Defend Again Website Fingerprinting With Machine Learning


In stream fingerprinting, an attacker can compromise user privacy past leveraging side-channel information (e.g., packet size) of encrypted traffic in streaming services. By taking advantages of machine learning, especially neural networks, an antagonist tin can reveal which YouTube video a victim watches with extremely high accuracy. While constructive defence methods accept been proposed, extremely loftier bandwidth overheads are needed. In other words, building an constructive defense with low overheads remains unknown. In this paper, we propose a new defense force mechanism, referred to as SmartSwitch, to address this open trouble. Our defense intelligently switches the noise level on different packets such that the defense remains effective simply minimizes overheads. Specifically, our method produces higher noises to obfuscate the sizes of more than pregnant packets. To identify which packets are more significant, we formulate it as a feature pick trouble and investigate several characteristic pick methods over high-dimensional data. Our experimental results derived from a large-scale dataset demonstrate that our proposed defense is highly effective against stream fingerprinting built upon Convolutional Neural Networks. Specifically, an adversary tin infer which YouTube video a user watches with only i% accuracy (aforementioned as random guess) even if the adversary retrains neural networks with obfuscated traffic. Compared to the country-of-the-art defense, our mechanism can save nearly xl% of bandwidth overheads.
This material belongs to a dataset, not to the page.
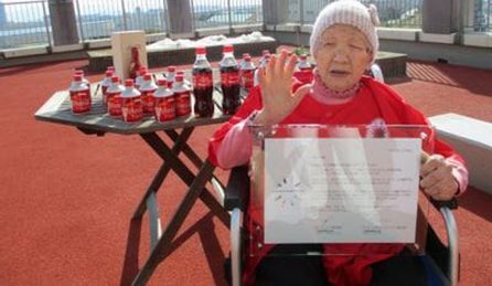 Tanaka, que vive em um asilo em Fukuoka, completou 118 anos em 5 de janeiro, adora refrigerantes e ganhou de presente de aniversário, da sua família, um novo par de tênis para a cerimônia, segundo a rede de TV americana CNN.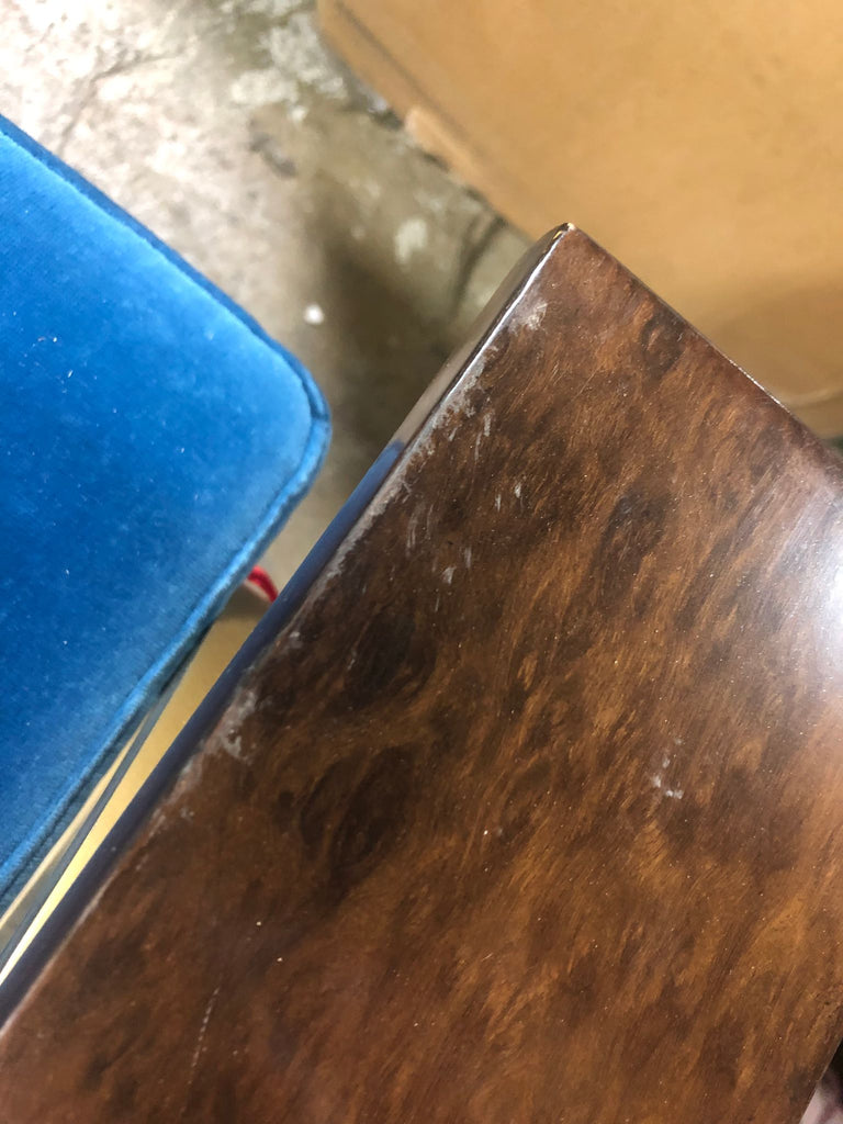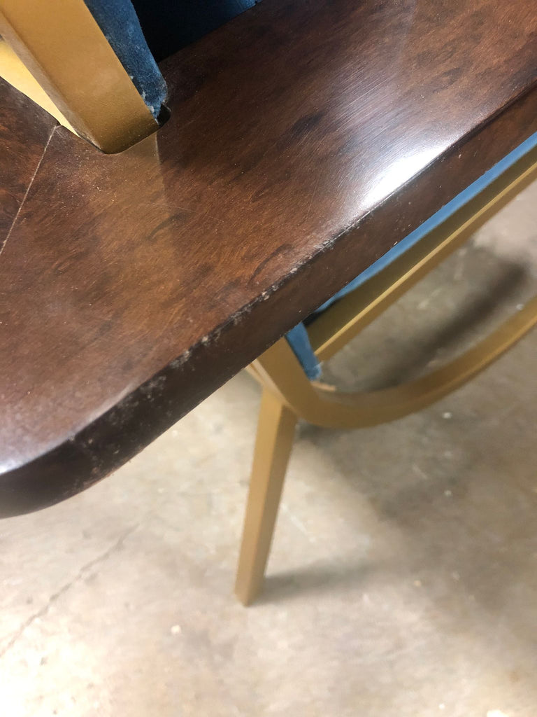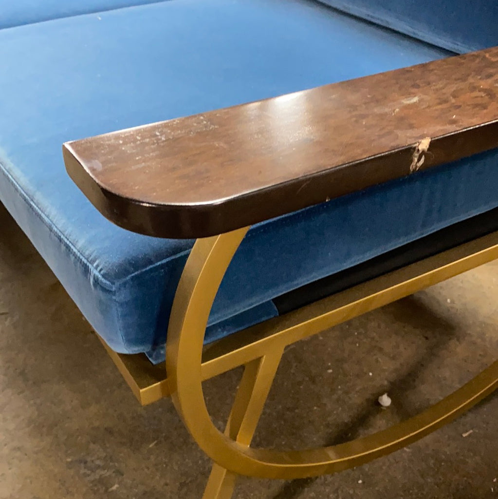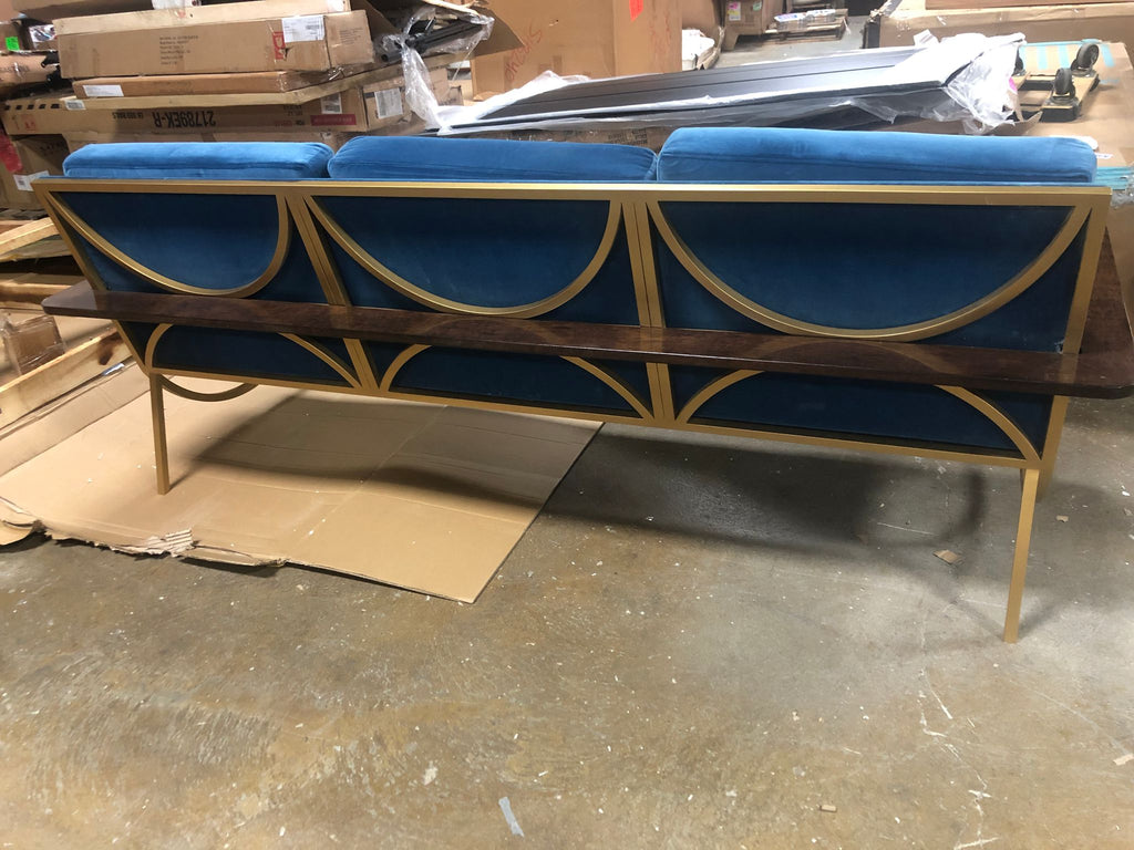 Good condition except missing levelers on the bottom of the sofa legs and some slight scratches to the left facing arm

  • Encrypted traffic analysis
  • Motorcar learning
  • Feature selection


Authors from the University of Cincinnati were partially supported by National Science Foundation (CNS-1947913), UC Office of the Vice President for Research Pilot Program, and Ohio Cyber Range at UC.

Hyperparameters of CNN. The tuned hyperparameters of our CNN are described in Tabular array four. For the search space of each hyperparameter, we represent it as a gear up. For the activation functions, dropout, filter size and pool size, we searched hyperparameters at each layer. The tuned parameters we report in the table are presented every bit a sequence of values by following the order of layers we presented in Fig. 2. For instance, the tuned activation functions are selu (1st Conv), elu (2nd Conv), relu (third Conv), elu (4th Conv), tanh (the second-to-last Dumbo layer).

Table 4. Tuned hyperparameters of CNN When \(w = 0.05\) due south

\(d^*\) -privacy. Xiao et al. [26] proposed \(d^*\)-privacy, which is a variant of differential privacy on time-series information, to preserve side-aqueduct information leakage. They proved that \(d^*\)-privacy can achieve (\(d^*\),2\(\epsilon \))-privacy, where \(d^{*}\) is a distance between 2 time series data and \(\epsilon \) is privacy parameter in differential privacy.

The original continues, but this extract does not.